Wednesday, January 23, 2008

The 90s CD Singles Rummage # 1 - Blur

Blur's second single (after the little known 'She's So High') from April 1991 - now worth £25 if you believe this excellent fansite, though personally, as Arthur C. Clarke used to say on Mysterious World, 'I remain sceptical'. Great cover isn't it?

Easy to forget how sniffy the music press were about Blur early on - the view was almost that they were a novelty act, the sound-of-the-moment, not built to last, but this was a big UK chart hit (number 8!) that even a few jaded hacks from the inkies had to admit was quite good.

I saw them that autumn on one of those multi-band NME jamborees and against all expectations they were fast, tight, funny, spunky and punky and thoroughly ripped the place up.

Picking your way through the rather dated 'baggy' arrangements on this now you can hear prototypes of much of what was to come - strong guitar-propelled melodies, the Ray Davies influence on 'Mr Briggs' (and a bit of Syd Barrett on 'Other Way'), the woozy psychedelia of 'Inertia', the mockney pop-thrash of 'I'm All Over'. It all holds up pretty well I think.

Produced by that nice Mr. Stephen Street, who'd done such a splendid job for Mrs Morrissey's boy....

Blur - 'There's No Other Way' (1991)
Blur - 'Inertia' (1991)
Blur - 'Mr.Briggs' (1991)
Blur - 'I'm All Over' (1991)

[Do I play it now? No, but it was good to dust it off]


  1. Very nice. I'll have to have my own mini rummage. CD singles never really took off in the Mick household but I reckon I've got about 40, nearly all from Woolies bargain bin.
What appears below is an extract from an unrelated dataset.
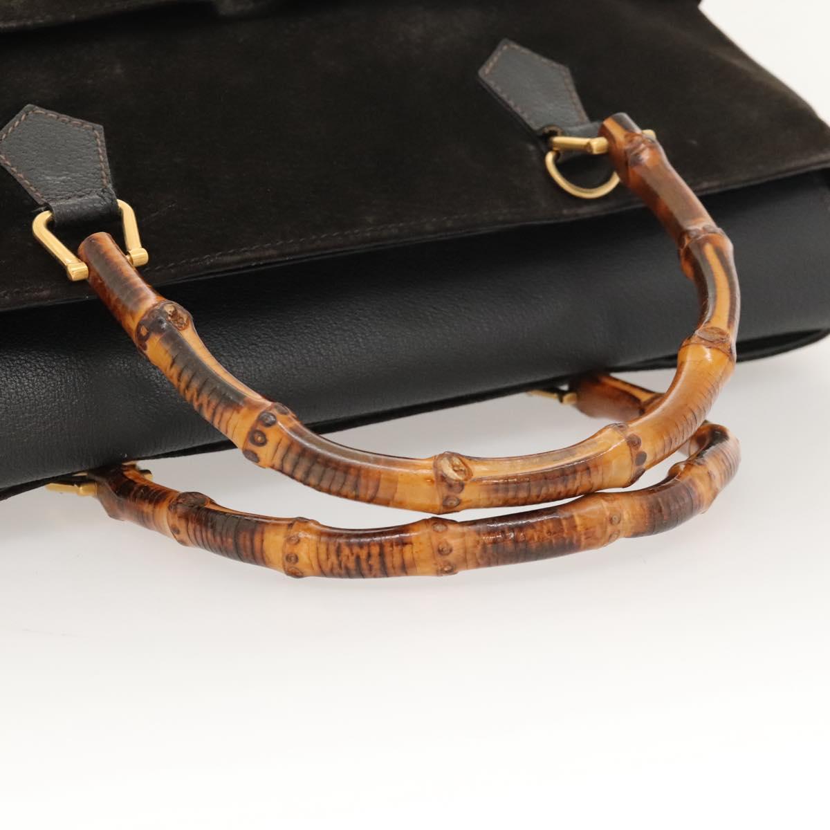 GUCCI Bamboo Hand Bag Suede 2way Black Gold 002 123 0322 Auth 117824

  2. I quite like early Blur.....but I really took notice of them when I heard 'Popscene', which I reckon is one of the great 'lost' singles of the era right before Britpop.
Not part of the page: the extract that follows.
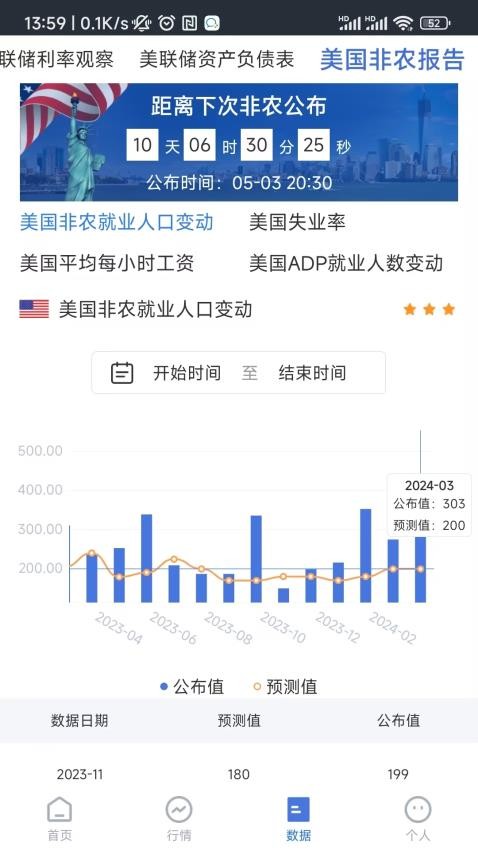 2、进入到数据页面可以对各种非农报告数据、持仓数据全面查看;

    When I hear this particular single, I am reminded of the (unfairly) much-derided Northside...

  3. Feel quite inspired to have a rummage myself. Feel a group post coming on, Mr H.

    Lots of my singles are on *tape* but I know I've got some corkers on CD. Stangelove, anyone?
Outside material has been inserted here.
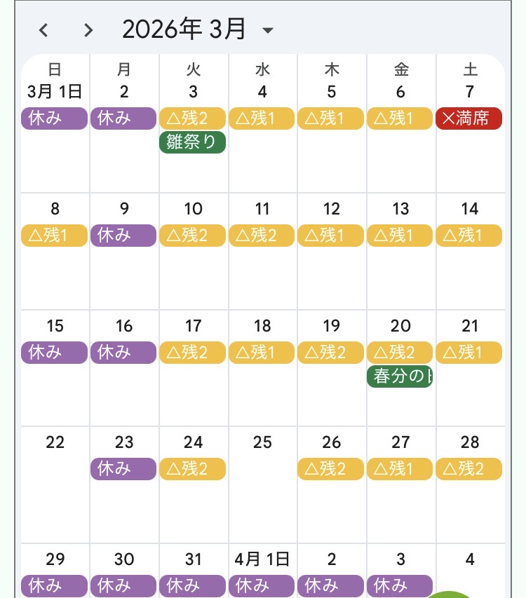 そして3月の予約状況がこちら

  4. Let's all just keep using that excellent word 'rummage', only good can come of it.

  5. Followed you across from Crying All The Way To The Chip Shop; thought I'd just say, damn good blog.

    I never much liked Blur before Parklife; some good songs and I wasn't surprised at all when the Mod influences came out of the closet. But it seemed a little too 'considered'; not enough soul.

    Plus I was working in the Virgin Megastore at the time of the first album and it was all Happy Mondays and Pixies and mad dance music for us. Blur were more like a boy band than an indie band at the time...

    These days I'm of the mind that Damon is one of the all time great songwriters that this country has given birth to; he has such a way with a melody. And he's never really stopped experimenting, and doing something that is at least interesting.

    Nothing quite as good as All Mod Cons or Setting Sons though. But really, who has?

  6. Christ I have a colossal pile of these things too. I haven't had the endurance to go through and start fishing about for the good b-sides yet, but some time in early 2009 I might get round to it. Much under-rated, the CD single if you ask me.


  7. Thanks for these, Davy. A reminder of the psychedelic mandate that the '90s ushered in. I saw Blur at a "new bands showcase" sponsored by a radio station in Boston (I forget the call letters) in '91. They memorably left the stage after about half of one song as the singer (Damon?) explained that they were "too drunk to play". Great band, and it's great to hear these early trax. Perhaps the highlight of this particular showcase, for me, was a band called The Real People. I bought their CD. Perhaps I should rummage it out again...

  8. Rummage, rummage, rummage.

    I vaguely remember Real People - couldn't hum one of their tunes though. You should post Emmett.

    Simon, I'm with you on Damon - 'our generation's Bowie'.

  9. Thanks to you (and Mick), I too have had a was great fun.